### TASK DETAILS
Range to repeat from the listing below: the line containing "Locum and turkish" down to the line containing "- Glucosaminide unit", both included. Copy it exactly, pictures excluded, and add nothing else.

### MATERIALS PROVIDED
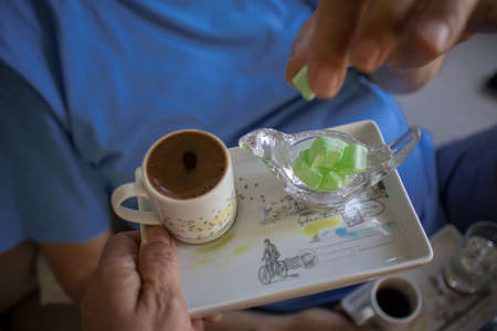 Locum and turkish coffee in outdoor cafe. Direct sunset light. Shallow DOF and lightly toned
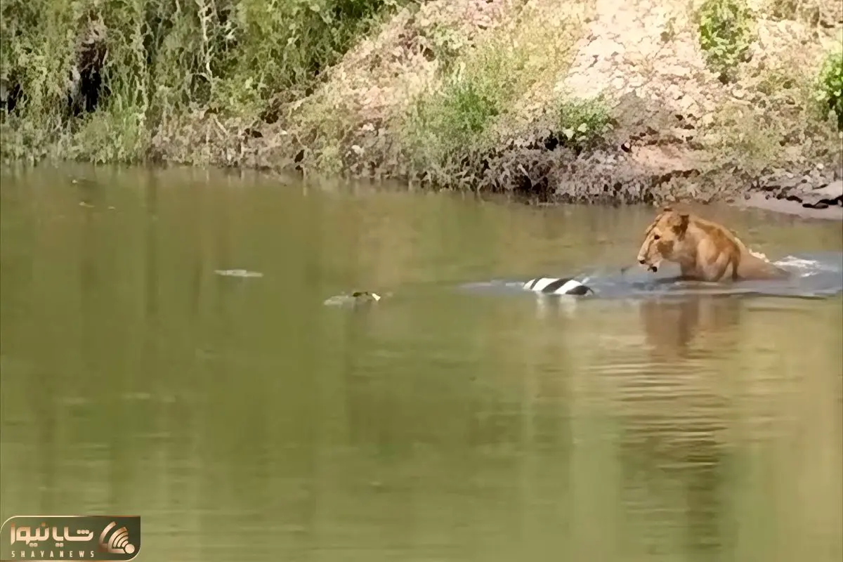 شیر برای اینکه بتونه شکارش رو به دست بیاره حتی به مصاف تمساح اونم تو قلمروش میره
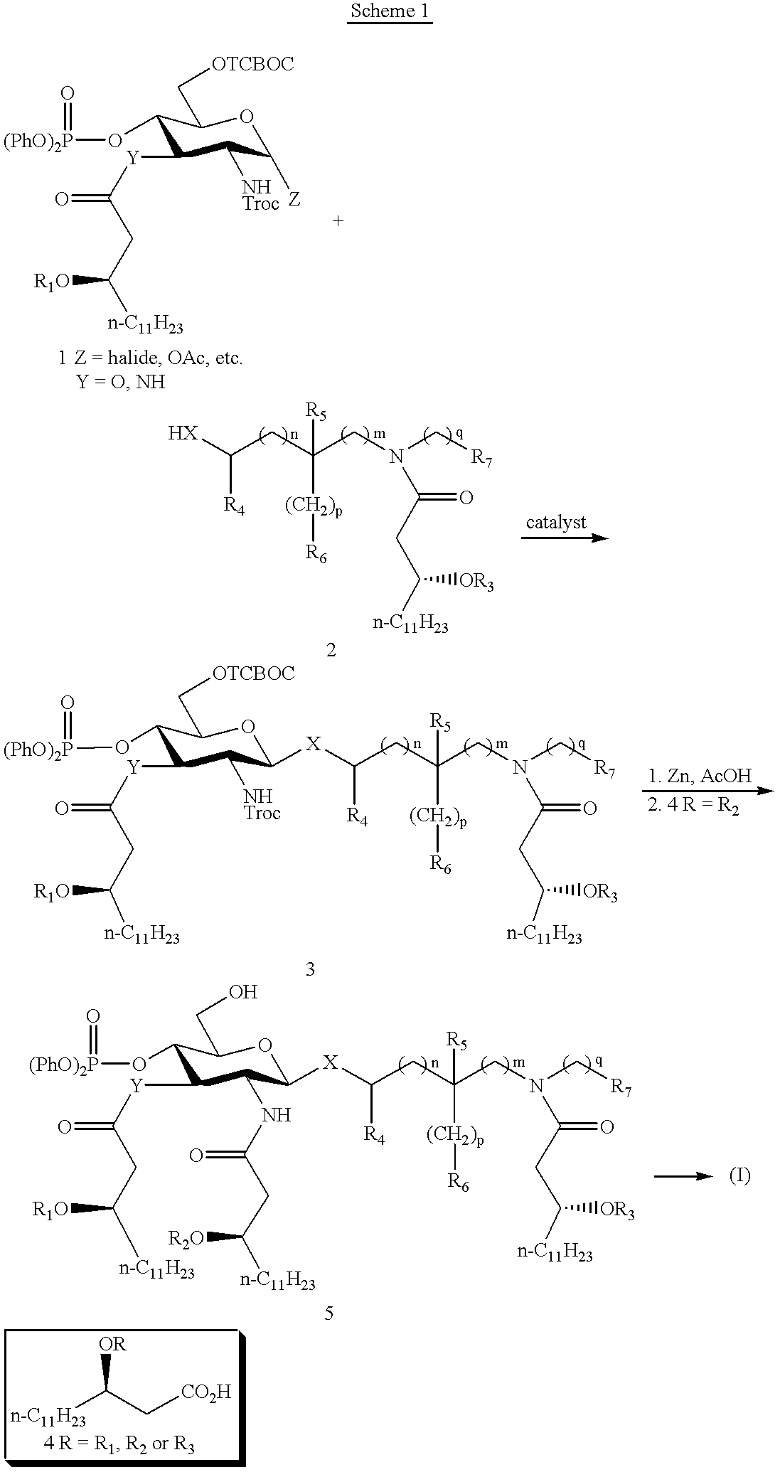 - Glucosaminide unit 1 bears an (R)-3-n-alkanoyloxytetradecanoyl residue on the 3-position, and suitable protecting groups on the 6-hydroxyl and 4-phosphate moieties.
* * *
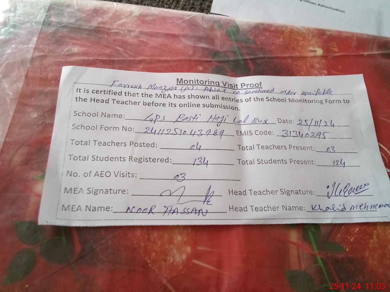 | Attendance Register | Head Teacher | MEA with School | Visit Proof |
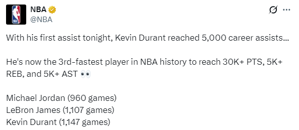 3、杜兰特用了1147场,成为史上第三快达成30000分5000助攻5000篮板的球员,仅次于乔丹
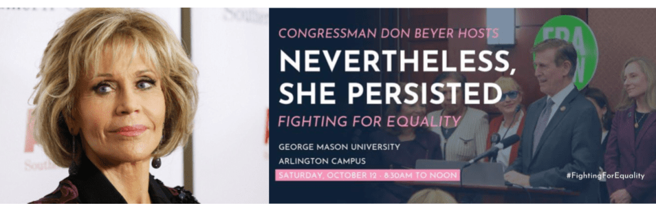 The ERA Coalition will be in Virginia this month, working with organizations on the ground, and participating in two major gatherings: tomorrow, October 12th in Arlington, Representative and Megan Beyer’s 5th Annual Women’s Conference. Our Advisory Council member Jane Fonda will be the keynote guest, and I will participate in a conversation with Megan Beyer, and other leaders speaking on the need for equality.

### WRITTEN ANSWER
 Locum and turkish coffee in outdoor cafe. Direct sunset light. Shallow DOF and lightly toned
 شیر برای اینکه بتونه شکارش رو به دست بیاره حتی به مصاف تمساح اونم تو قلمروش میره
 - Glucosaminide unit 1 bears an (R)-3-n-alkanoyloxytetradecanoyl residue on the 3-position, and suitable protecting groups on the 6-hydroxyl and 4-phosphate moieties.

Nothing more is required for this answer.